NATOs can be easily removed and washed ... either hand wash in the sink with glycerine or castile soap and air dry, or in the clothes washer with gentle detergent. Buy 2-3, and wear on one whilst another dries.  They're cheap,[1] use 'em and abuse 'em.

[1] Except for the fancy pants Maratacs and Zulus and Corvus Real Bonds.


----------



## William_Wilson (May 21, 2007)

Kutusov said:


> I remember when there were tons of Nivas around here, not many now. In fact it's very rare to see one and I believe there isn't a Lada dealership anymore (but they are going to come back pretty soon). I had a friend who bought 2 and the problem was the quality of steel on the bodywork. Porto is just by the sea and it's very damp. The guys lives right in front of the ocean and the cars staid outside. Rust did literally open holes in the bodywork! He gave up on Nivas after the second and got a Range Rover, the model previous to the ones that now exist. Bad move, the car would be spend almost half the time in the dealer to fix consecutive electrical problems. So he was fed up with that one also and bought a Panda 4x4 and it's the car he still drives around. Amazing what those little things can do off road!

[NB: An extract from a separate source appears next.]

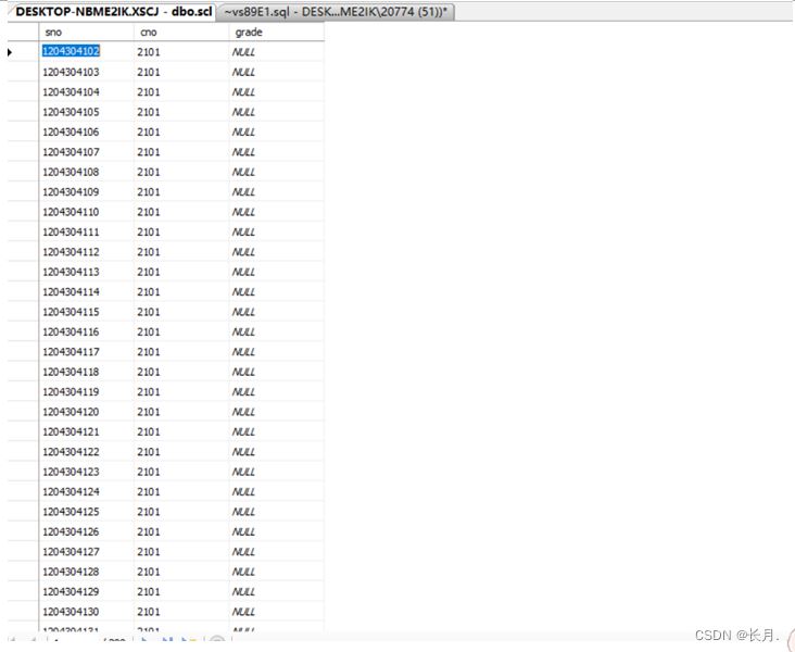 - 18.將所有的學號和課程號信息生成一個新表SCL

A friend I went to trade school with, was the mechanic at a Lada dealership. One day I dropped in to see him while he was doing a pre delivery inspection on a Signet/Riva 2107. Looking in the engine compartment, we found a piece of sandpaper wedged in the rusty inner fender, direct from the factory.:lol: It wasn't uncommon for incomplete vehicles to sit outside while waiting for glass, light assemblies, etc. It's no surprise they were rot boxes.

Later,

William


----------



## William_Wilson (May 21, 2007)

David Spalding said:


> I bought a 22mm semi-cheap band at Target, made in China, but with a nice "pigskin" pattern. I cut it down according to an online tutorial for making notched straps for Seikos, and the 22mm actually fits my watch quite well. I chucked the cheap buckle and put on a generic deployant clasp, from Roy IIRC. Quite the nice look, and the strap was cheap enough to be a "beater."
> 
> 
> 
> ...


Nice job on notching that strap. :thumbsup:

I wore NATO's one summer while working. After a few minutes they'd be soaking wet and rather annoying. Leather bands would start to stink like a skunk's behind after a few weeks. Unfortunately it can hit 100 oF inside the barn. 

Later,

William


----------



## Chromejob (Jul 28, 2006)

William_Wilson said:


> ... I wore NATO's one summer while working. After a few minutes they'd be soaking wet and rather annoying. Leather bands would start to stink like a skunk's behind after a few weeks. Unfortunately it can hit 100 oF inside the barn.
> 
> Later,
> 
> William


You might want to consider a rubber strap then. I like the Seiko style that have textured undersides so you don't have a flat rubber surface against the skin. I wore my Seiko H558 working in temps up to 110Â° (heat index). Very easy to watch and dry, too.


----------